Let me start with an example. If we base our calculations on the Newton's second law without any further mathematical treatment, then our equation describes equilibrium of forces, i.e. it is of the kind "force = force (e.g. as the product of mass and acceleration)". Similarly it could be momenta, angular momenta, electric charges, voltages, various quantities like "speed change per kilogram and tesla" etc. etc. etc...

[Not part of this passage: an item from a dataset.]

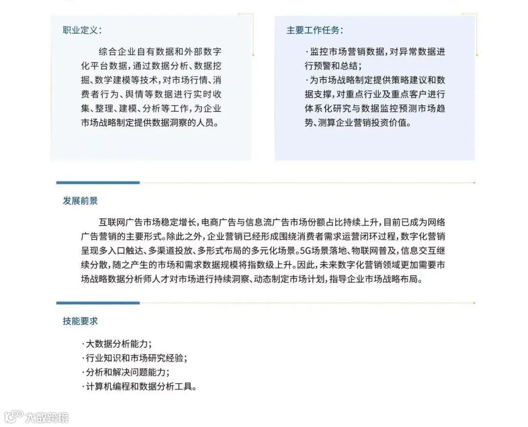 职业定义:综合企业自有数据和外部数字化平台数据,通过数据分析、数据挖掘、数学建模等技术,对市场行情、消费者行为、舆情等数据进行实时收集、整理、建模、分析等工作,为企业市场战略制定提供数据洞察的人员。

How is that with the wave equation? It's crucial for interpretations of source terms. So, could you describe like that inhomogenous string equation:
$$ \frac{\partial^2y}{\partial x^2}-\frac{1}{c_0^2}\frac{\partial^2y}{\partial t^2}=q $$
Wave equation for the acoustic pressure:
$$ \nabla^2 p-\frac{1}{c_0^2}\frac{\partial^2p}{\partial t^2}=q $$
and for the acoustic velocity:
$$ \nabla^2 \vec{v}-\frac{1}{c_0^2}\frac{\partial^2 \vec{v}}{\partial t^2}=q $$
where $q$ are source terms with required dimension and units. What is the physical meaning of those terms?
Note: If that would be considered helpful for the site, let's broaden the list of wave equations.

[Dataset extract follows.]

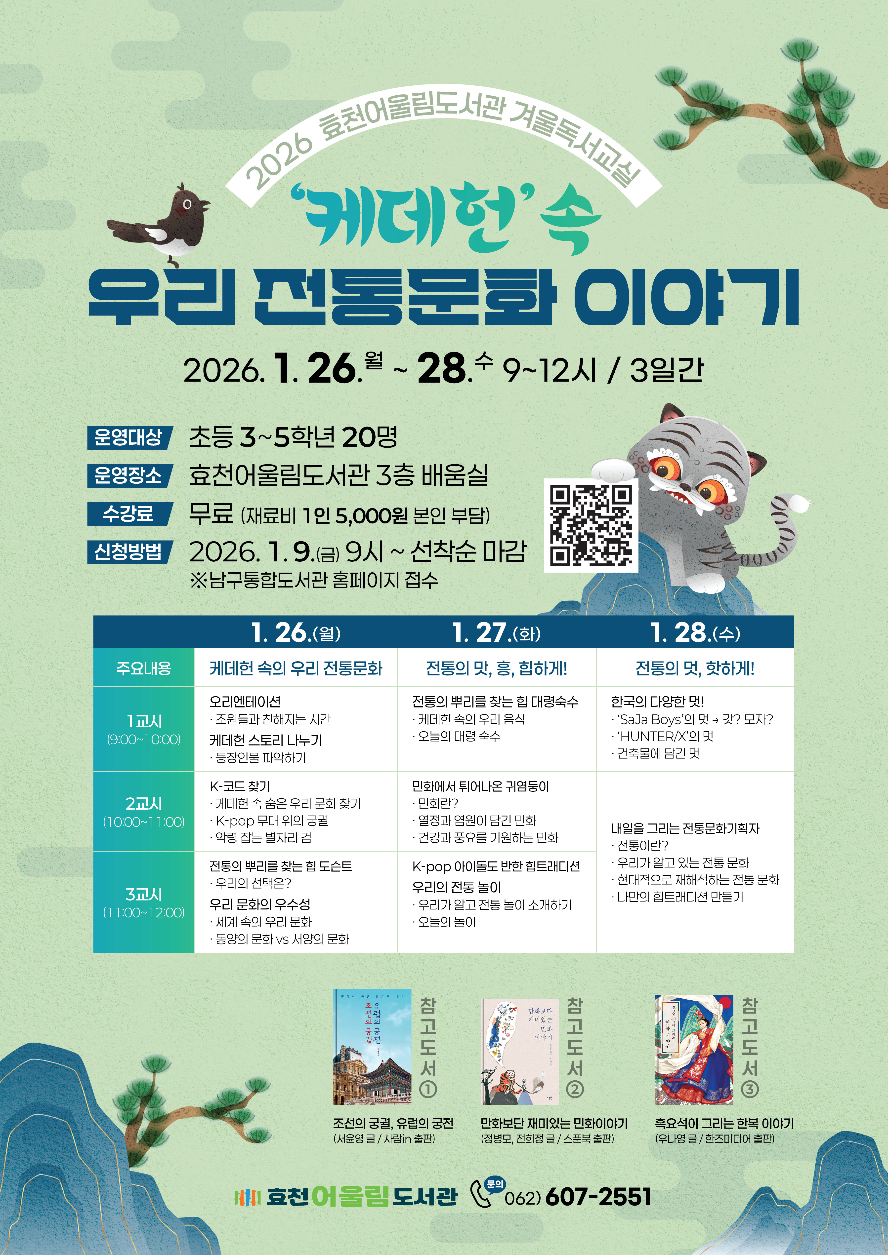 home 맘편한 내★일, 광주아이키움2.0 결혼·임신·출생 영유아 초·중·고 다양한 가족 일생활균형 커뮤니티 아동돌봄지원 소통방 나눔방 광주 아이키움 상담방 돌봄정보방 성폭력 피해 상담 및 사건지원 공지사항 우리동네 돌봄정보 기관별 공지사항 [효천어울림도서관]2026년 효천어울림도서관 겨울독서교실 안내 등록일 : 2026-01-06 13:07 카테고리 : 카테고리 없음 작성자 : 운영자 조회수 : 45 ✏️일시 2026.1.26.(월)~28.(수) 09:00~12:00 / 3일간 ✏️대상 초등 3~5학년 20명 ✏️장소 효천어울림도서관 3층 배움실 ✏️수강료 무료 (재료비 1인 5,000원 본인 부담) ✏️신청방법 2026.1.9.(금) 9:00 ~ 선착순 마감 출처:남구통합도서관 목록

Edit to clarify: I am not looking for the steps in mathematical solution or the general principle of pressence a pulsating body in a fluid (in the case of acoustics). Question is how exactly represent $q$ that pulsation? What is the intuition and meaning of the term with dimension of $time^{-1} \times distance^{-1}$ (that's for acoustical velocity)? Etc.